There were 2 courses in the race, 3.0 km and 1.4 km, and I did the longer course. The start was self-seeded according to the 1.5 km time the competitor submitted, and my time of 31 minutes placed me very late in the start list as most of the competitors were much faster than me. Assuming that my 1.5 km time was 31 minutes with decay factor of 1.06 in the Pete Riegel formula, I expected that my time for 3 km should be about 64 – 65 minutes.

The weather that day was hot and rainy under the influence of a tropical cyclone near Taiwan, with 30°C air and 29°C water, and the sea was very calm.
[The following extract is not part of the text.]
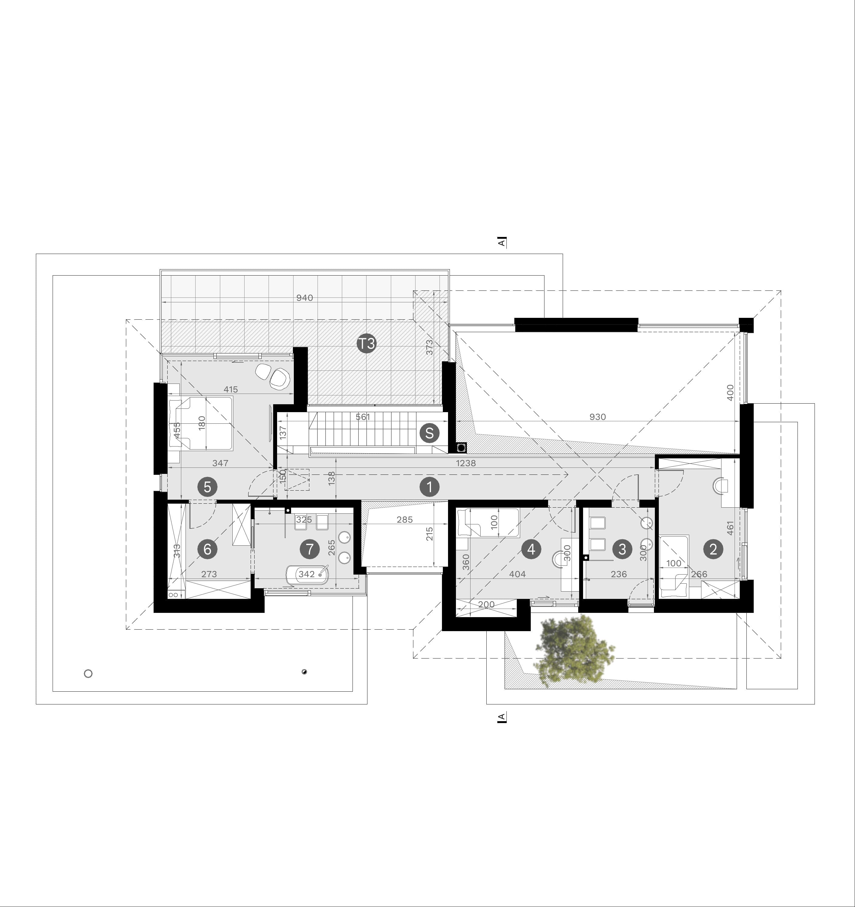 - rzut dachu i więźby dachowej,

The course was a buoy course, starting at the pontoon of VRC, then to the permanent buoy near Hong Kong Country Club (1), the permanent buoy near Ocean Park pumping station (2), and a temporary buoy placed near 45 Island Road (3), and finish back at the start point forming an anti-clockwise loop. The organiser claimed that the distance of the legs were 0.7 – 0.7 – 1.1 – 0.5 km, i.e. 3 km in total.
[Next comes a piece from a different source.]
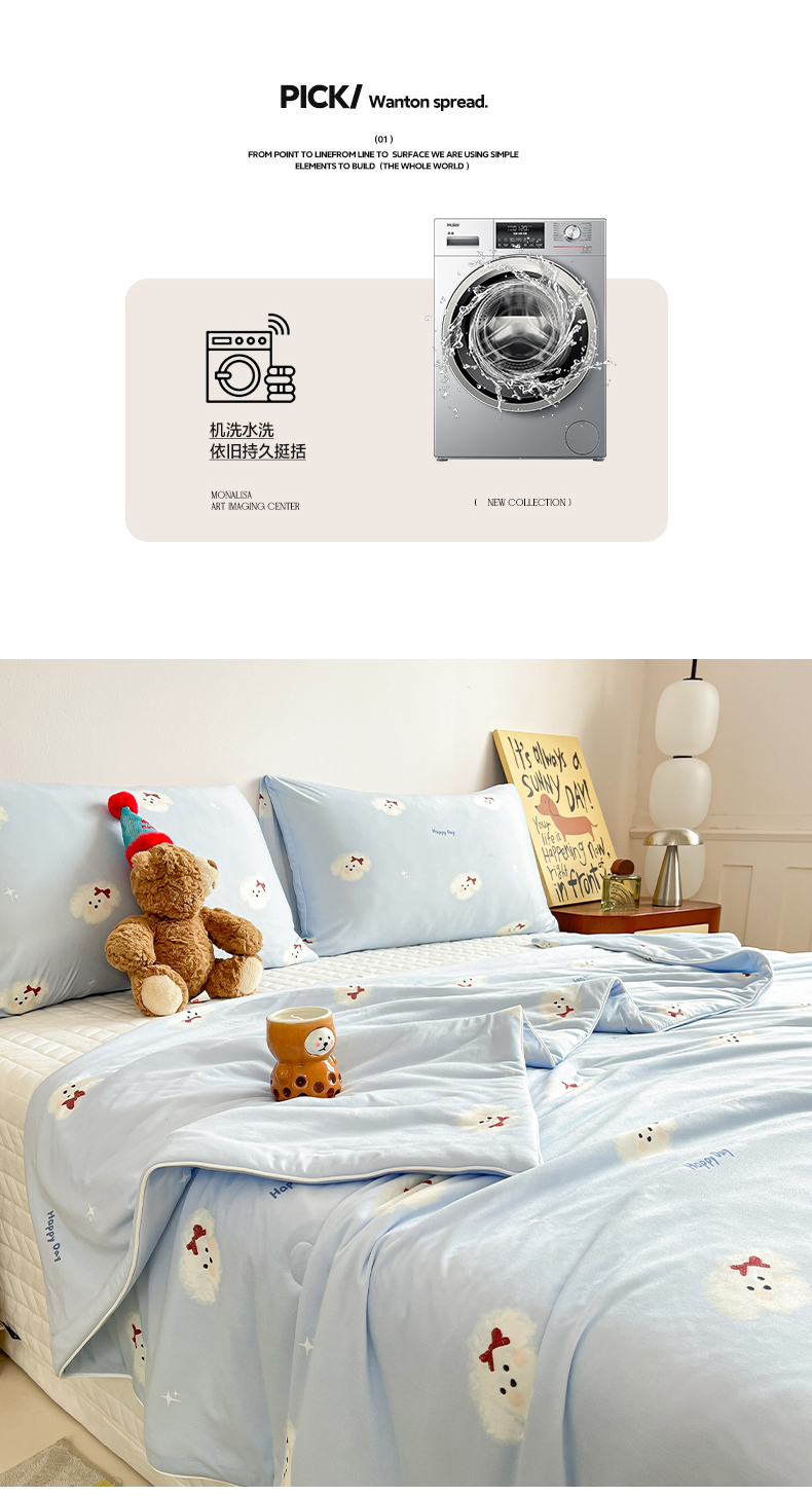 (总)一加一 2026春夏新款云小棉贴布绣花大豆夏凉被空调被夏被四件套,波点小狗,波点熊仔,蜜桃小兔,抹茶熊猫,奶油小鳄鱼

Unlike doing a 1.5 km race in winter where I would go at a high intensity right at the beginning, as the weather was too hot this time I dare not go out too fast to avoid overheating and burning out, which I encountered many times during the OW group swims in the summer. Leg 1 was good for me, but leg 2 seemed a bit long and I slowed down a bit as I started to doubt if the buoy was really the right one, even I studied the course before. After the 2nd buoy at 1.4 km, I started to increase my effort to what I would do in a 1.5 km race as there was 1.6 km left, and I believe that I could sustain that to the end, and in the final 500 m I gave out all my remaining for the finish.

My final result was 1:06:22.6, ranked 40 out of 60 competitors which was slightly worse than my prediction by 2 minutes, and compared with my previous results, there was no improvement over the year at all. Perhaps I reserved too much at the beginning as my Garmin showed that my 3rd km was faster than my 1st and 2nd km by nearly a minute.

My next OW races will be The Polson 5, a 5 km race from Stanley Pier to Repulse Bay, and Clean Half, a 14 km race from Stanley, around Stanley Peninsula, to Deep Water Bay, and I will do it in team of 2 with Gary Lui (I’m not doing it solo as the water is too hot, about 28°C in October and I don’t have confidence to swim 14 km in such hot weather.). Rough sea is expected in both races, which I hope I can place better in the result list.